(Stored dataset items)
•••••

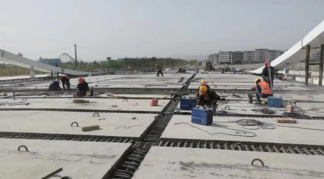 在上跨清嘉高速公路156.4米桥梁的施工现场,各建设者们正抢抓施工“黄金期”,采用同步流水作业、穿插施工的方式进行施工,各项工序都有序展开,用实际行动奋力攻坚。目前,道路工程正在实施一层水稳摊铺、人行道铺装,桥面部分正在进行湿接缝钢筋焊接工作,绿化部分正在种植树木。全力以赴,力争早日完工投用。
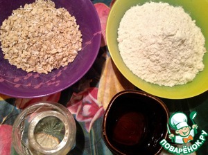 Приступим к тесту. Соединяем муку, хлопья, воду и масло. Вымешиваем до гладкости и упругости.
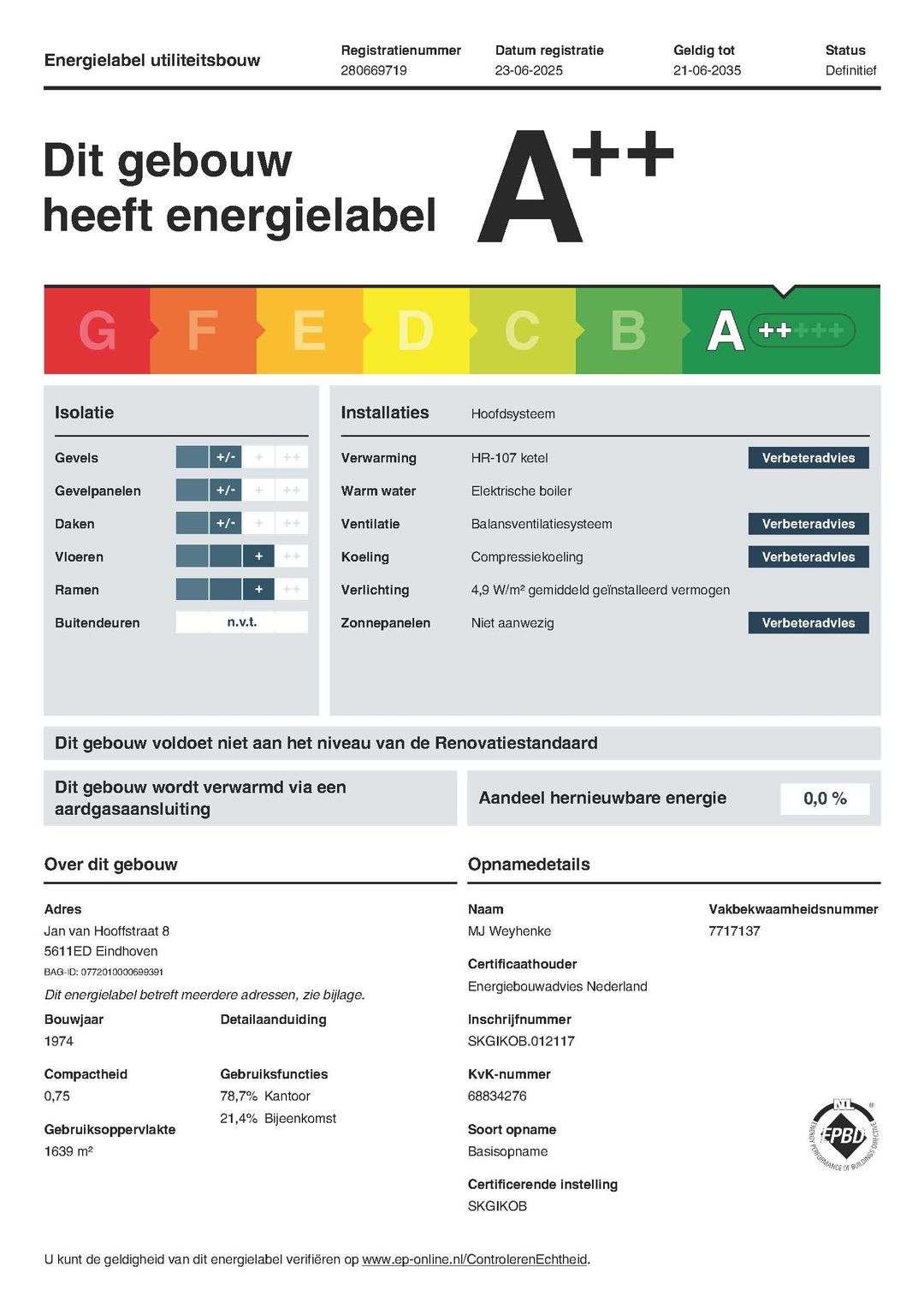 Het kantoorgebouw beschikt over het gunstige energielabel A++ welke geldig is tot 21-06-2035. Hiermee voldoet het kantoorpand reeds aan de overheidsdoelstellingen waarbij vanaf 2023 alle utiliteitsgebouwen minimaal een energielabel C dienen te hebben.
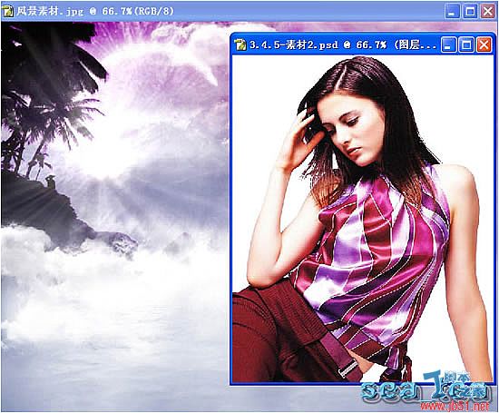 將MM扣出后,拖入風(fēng)景素材圖中,調(diào)整好位置,如圖:
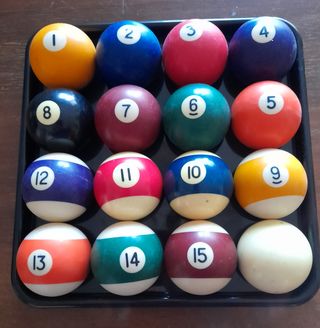 Set di 15 palle da biliardo per carambola. - Marca: Aramith - Diametro: 57,2 mm - Numerazione da 1 a 15 in buone condizioni con vassoio nuovo del valore di 10 € compreso altri tipi e diametri per boccette goriziana italiana super aramith nelle altre mie inserzioni
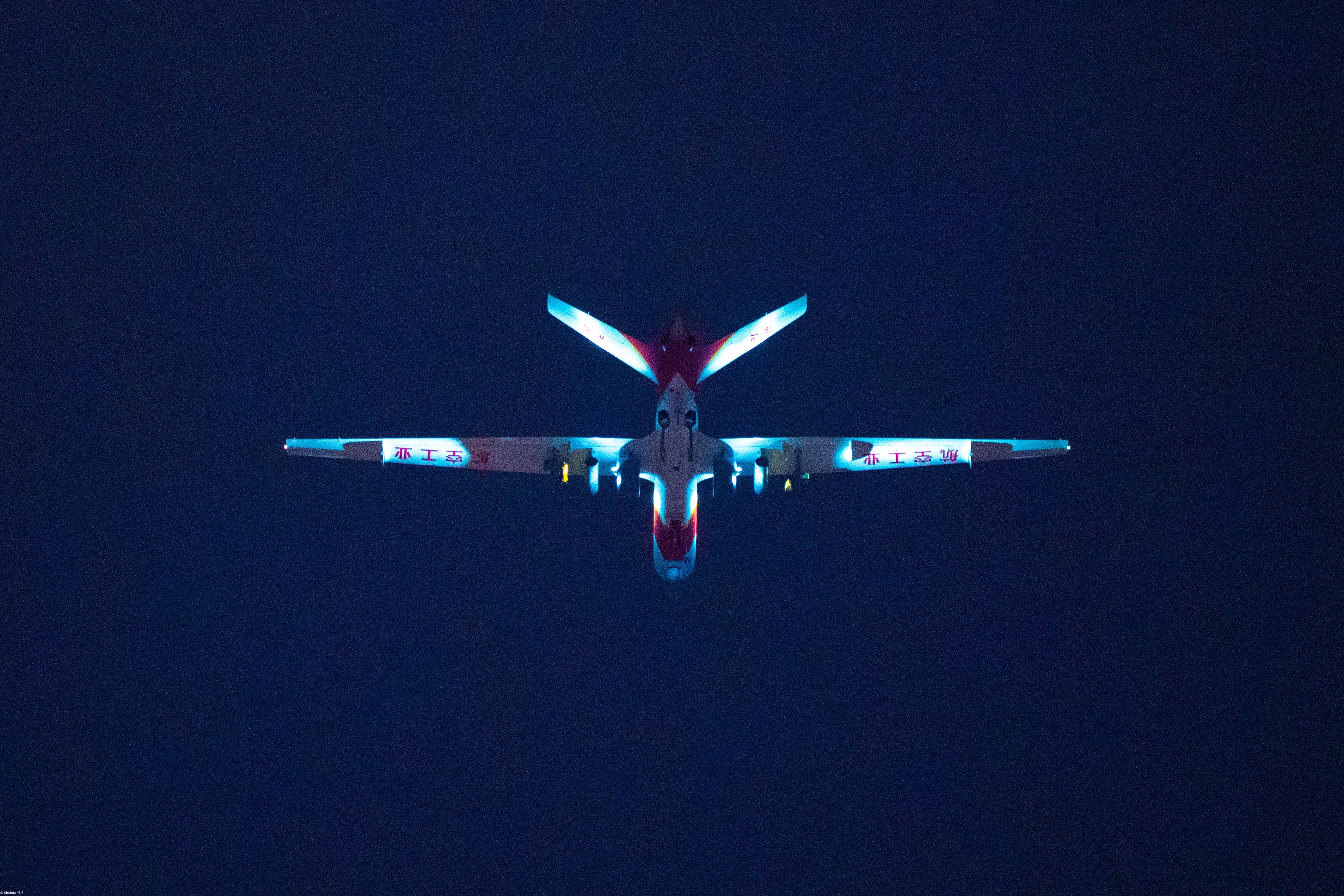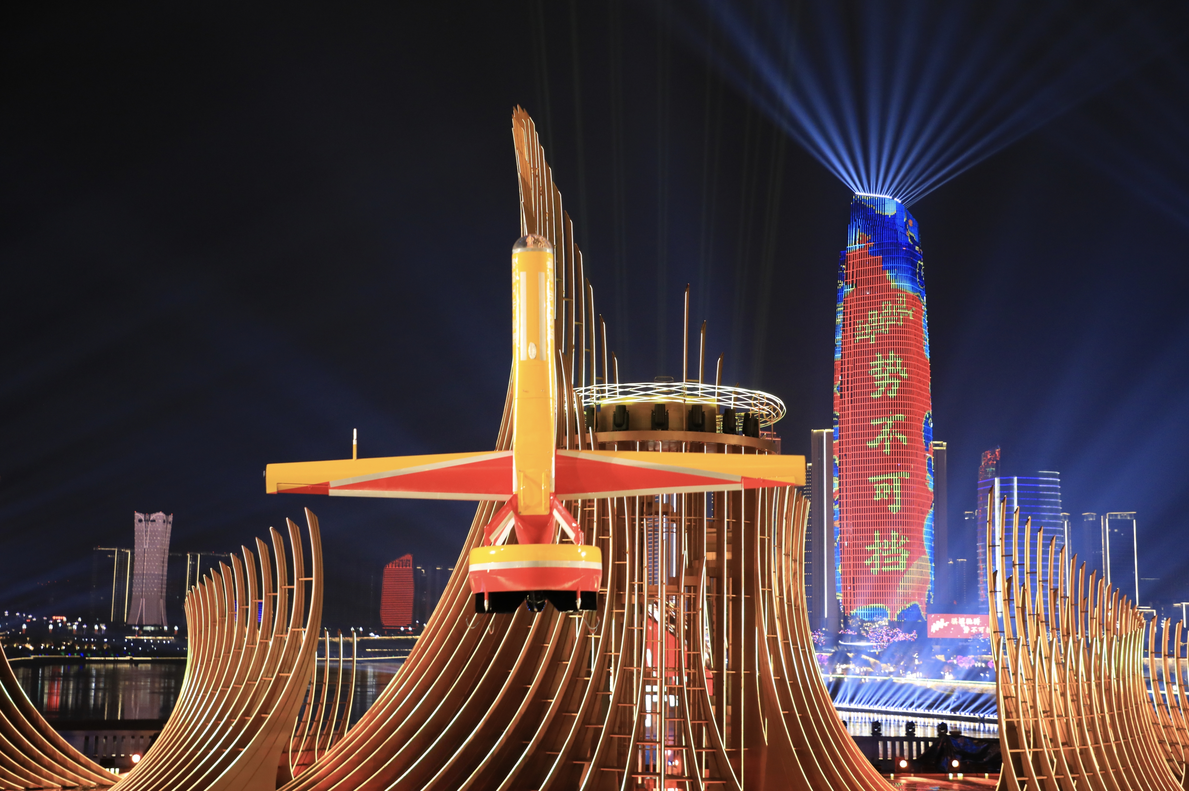 “起飞!”一声令下,10架“云影”无人机拔地而起,直冲天际,又迅速改平,沿江飞去,10机组成楔形编队在江面上整齐盘旋翱翔。只见“翼龙”如约而至,闪烁着明亮的灯光呼啸而来、气势磅礴。两型无人机和舞台、江景融为一体,构成了一幅辽远壮阔的万里江山图。

•••••

What this task involves:
Each line from the start of the entries above through the line with "Приступим к тесту." should be duplicated exactly, leaving out the pictures.

Reply to the exercise:
 在上跨清嘉高速公路156.4米桥梁的施工现场,各建设者们正抢抓施工“黄金期”,采用同步流水作业、穿插施工的方式进行施工,各项工序都有序展开,用实际行动奋力攻坚。目前,道路工程正在实施一层水稳摊铺、人行道铺装,桥面部分正在进行湿接缝钢筋焊接工作,绿化部分正在种植树木。全力以赴,力争早日完工投用。
 Приступим к тесту. Соединяем муку, хлопья, воду и масло. Вымешиваем до гладкости и упругости.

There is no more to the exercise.